We deal with large data at Aeris Weather. Multiple weather metrics, every few square kilometers, updated every few hours covering several weeks, across the whole globe… oh my. And that is just forecast data. A continuous stream of observations, storm cells, fires and other data in addition to forecasts presents our engineering team with a variety of challenging scaling problems. As we take a deep breath to think about how much data that is, that is just the ingestion side. Much like you as you exhale once again, our applications need to output the data back out in meaningful ways to our customers. Kubernetes has helped us scale individual parts of our infrastructure so we can deal with multiple types of data and varying demand for different output types.
The systems we create need to scale in both directions: vertically, and even better, horizontally. Vertical scaling is easy enough – ask “The Cloud” for a larger machine, re-deploy, keep on going. It’s a manual process and one that incurs a lot of waste. Wasted system administrator time, recurring waste in over-provisioned resources, and possibly downtime if you go from a single instance and flip the switch to just a larger single instance. We would much rather automatically scale. Adding additional hardware only when needed, scaling horizontally, is much more advantageous, but certainly comes with its challenges.
“Not all data was created equal”
As you can probably guess, we don’t have a single application powering our APIs. We use the API Facade pattern – the core API sits on top of microservices. Splitting up our applications into smaller pieces has been essential to our ability to scale horizontally and individually. A lot of times these microservices correlate to data sources. Different data sources have different scaling requirements – pieces of data are in more demand than others. For example, we have found that our customers seek Observations and Forecasts much more than our other data types. By splitting up data sources, we can scale each individual piece as needed and as our customer’s needs change.
If we just implemented this microservice architecture, deploying different data sources on different machines, we would still have unused overhead problems. All of these individual servers would be running at, or most likely under, our comfort level of utilization. Leaving us with a highly scalable application but a lot of wasted server resources if you count all of the microservices. Kubernetes steps into abstract machines and presents an abstract pool of compute and memory resources to run our microservices.
At this point we have accomplished our goal of being more individually scalable, but we still have a lot of waste. This waste is extra apparent especially if we add load balancers in front of each individual microservice. Kubernetes helps us run all of our microservices (packaged as containers) on a single cluster of machines. Containers, being more lightweight than full virtual machines can run more efficiently than requiring a full virtual machine for each instance of a microservice. It sounds strange to take all the work we did making our application distributed and bring it back into a handful of servers. Kubernetes employs a scheduler that helps take care of that for us by scheduling the service across our nodes. The Kubernetes Scheduler is getting better as time goes on and the diverse team behind Kubernetes continues to make tweaks and improvements.
We strive to create a very durable service for our customers. Our durable applications need to be fault tolerant. We routinely test the fault tolerance of our applications, and my personal favorite test method is just killing off a running server. It totally pulls the rug out from under the application and it’s always interesting to see what it does to recover. We have had good luck with Kubernetes and their scheduler migrating containers (or “pods” as they call them) onto existing servers. We rely on our cloud provider to add back the server we killed. They do a great job auto-scaling our cluster and they help us monitor server load and add additional servers where needed.
Kubernetes allows us to coordinate our microservices using their namespaces for an organization. Different applications can be deployed into their own arbitrary groups using namespaces. Our forward-facing APIs can connect to the backend microservices using Kubernetes’ built-in predictable DNS service. We can also limit the number of resources a particular container (Pod) can consume, effectively isolating that pod from affecting others.

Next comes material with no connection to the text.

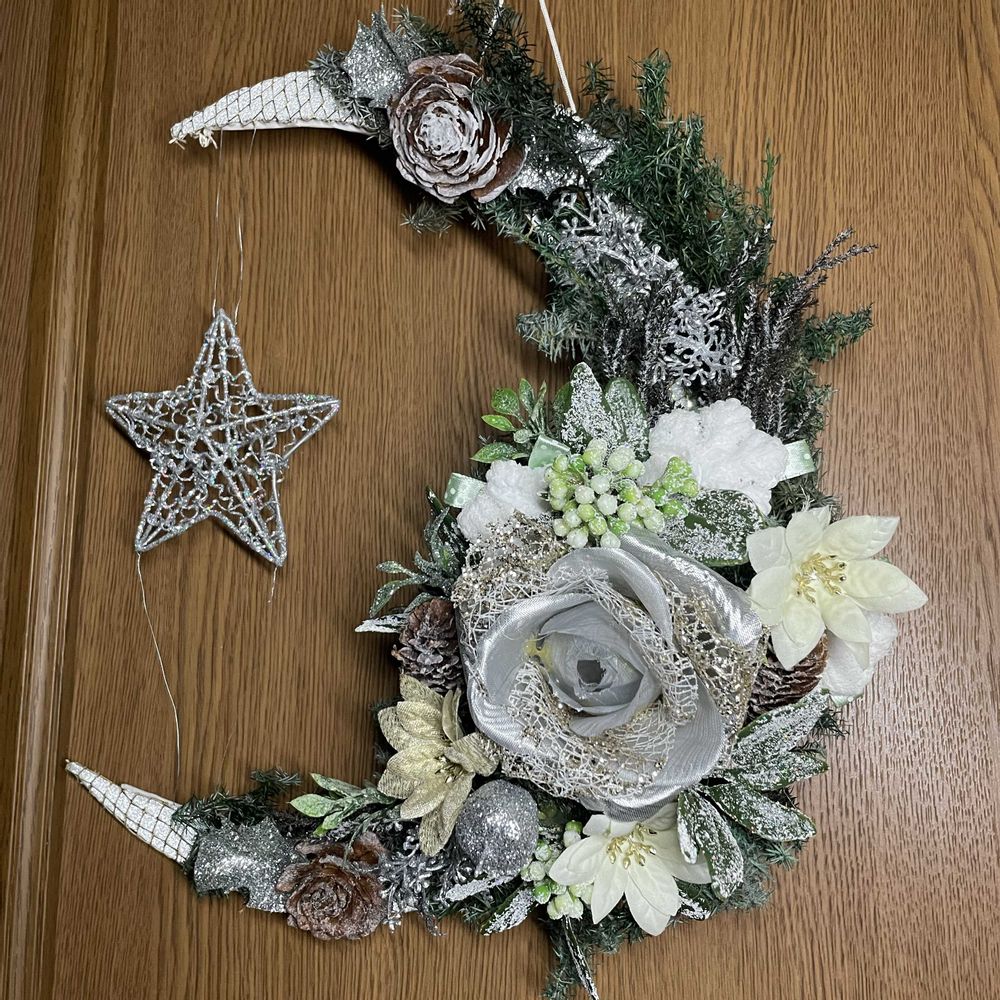 蘭々さんのプリザーブドフラワー,ガラスポット、,三日月リース、の投稿画像
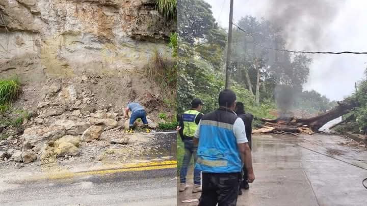 En Papantla una barda colaps贸 en la calle Francisco Villa y en la carretera a Poza Rica, se registr贸 un derrumbe y ca铆da de rocas.

We need an abstraction layer that sits on top of our data center that lets our development teams quickly stage and prototype new ideas – an environment where they can push those ideas to a space that is robust and durable for our customers to use. Kubernetes is close. It isn’t the magic bullet we are always hoping for but it provides a lot of complicated features in a rather easy to use package. Easy to use, not easy to install, but that is getting better as they harden version 1.x. They are still missing auto-scaling at a replication controller level. That will allow the Kubernetes system to scale our services without any intervention. That will be nice once that is finally ironed out. We are also looking forward to redistribution of running pods across new nodes. That will allow us to automatically heal from rather large failures with no human intervention. All of those things are in the works from the Kubernetes team which is very active. At the time of writing, their GitHub repository, where the Kubernetes project resides, had a release 2 weeks ago and already has 3270 commits since the release. They are extremely active and pushing forward for what container architecture looks like. As we push our applications we try to provide feedback and help where we can to the Kubernetes team and it’s excited to see this space grow. Special thanks to Google, Red Hat, Linux Foundation, and all of the contributors for the Kubernetes project.